Há vários anos que algumas associações do setor discordam de que seja a SECA a escolher listas de júris ao Instituto do Cinema e Audiovisual (ICA) e sustentam agora essa oposição com um parecer jurídico, segundo o qual aquela secção especializada tem apenas “funções meramente consultivas” e não pode tomar decisões, incorrendo numa ilegalidade.

Com o processo legislativo ainda em curso, o calendário de concursos de apoio ao cinema e audiovisual de 2017 não foi ainda publicado, nem o ICA divulgou a declaração anual de prioridades. No início de janeiro, num esclarecimento enviado à agência Lusa, o ICA explicava que tenciona abrir concursos até ao final de março.

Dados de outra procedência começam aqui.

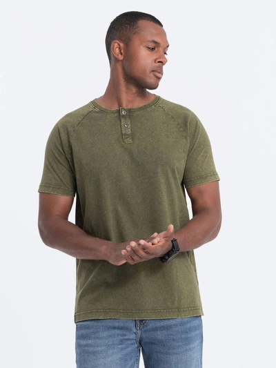 T-shirt męski z dekoltem henley - ciemnooliwkowy V4 S1757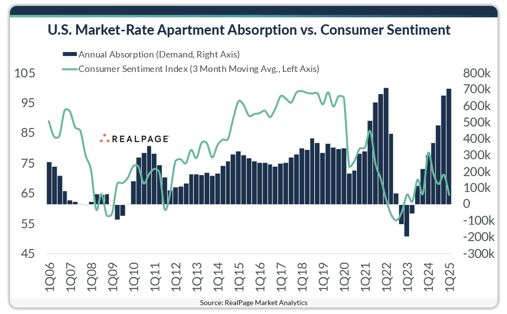 The one place our aim really missed was in consumer sentiment. The year started with strong and improving consumer sentiment in January. But the tariff-related volatility in the stock market weakened consumer expectations by the end of 2025’s 1st quarter. In good news, apartment demand has not yet felt the impact of declining sentiment, but this could be a warning that some softening is coming later this year.

A 7 de fevereiro, segundo a Lusa, o secretário de Estado da Cultura, Miguel Honrado, garantiu que “não se esgotou” o diálogo com as associações que contestam a nova regulamentação e que o processo ainda não está fechado.

Miguel Honrado referiu que a SECA “continua a ser sobretudo um organismo de aconselhamento do secretário do Estado e do ministro da Cultura”, cujas propostas de composição de júris para a análise dos concursos não têm caráter vinculativo, o que está apenas reservado ao Governo. O protesto ganhou maior dimensão durante o Festival de Berlim — que ainda decorre — onde os representantes do cinema nacional se recusaram a participar num jantar com o secretário de Estado da Cultura. Este domingo publicaram esta carta de protesto, que foi divulgada também no jornal Libération.

Nomes internacionais juntam-se ao protesto

A lista de pessoas do cinema internacional que se juntaram ao protesto é vasta e conta com nomes como o Aki Kaurismaki, realizador finlandês que reside em Portugal e que assinou filmes como “Le Havre”, Agnès Jaoui, atriz, realizadora, guionista e cantora, conhecida pelo seu papel em “Um Ar de Família”, guionista de “Smoking/Not Smoking” e “O Gosto dos Outros”. Apichatpong Weerasethakul também assina a carta. O realizador tailandês venceu a Palma de Ouro em Cannes com “O Tio Boonmee que se Lembra das Suas Vidas Anteriores”.

Da lista constam ainda Frédéric Bonnaud, diretor da Cinemateca Francesa, Dennis Lim, diretor artístico do Festival de Cinema de Nova Iorque, Sylvie Pras diretora do serviço de cinema do Centre Pompidou, Barbet Schroeder, realizador de origem iraniana radicado em França. Outros nomes conhecidos são o de Christophe Honoré, escritor, argumentista e realizador francês considerado pela crítica o herdeiro da Nouvelle Vague, do realizador espanhol Pedro Almodóvar, Philippe Garrel, realizador francês ou Todd Solondz, realizador e guionista norte-americano.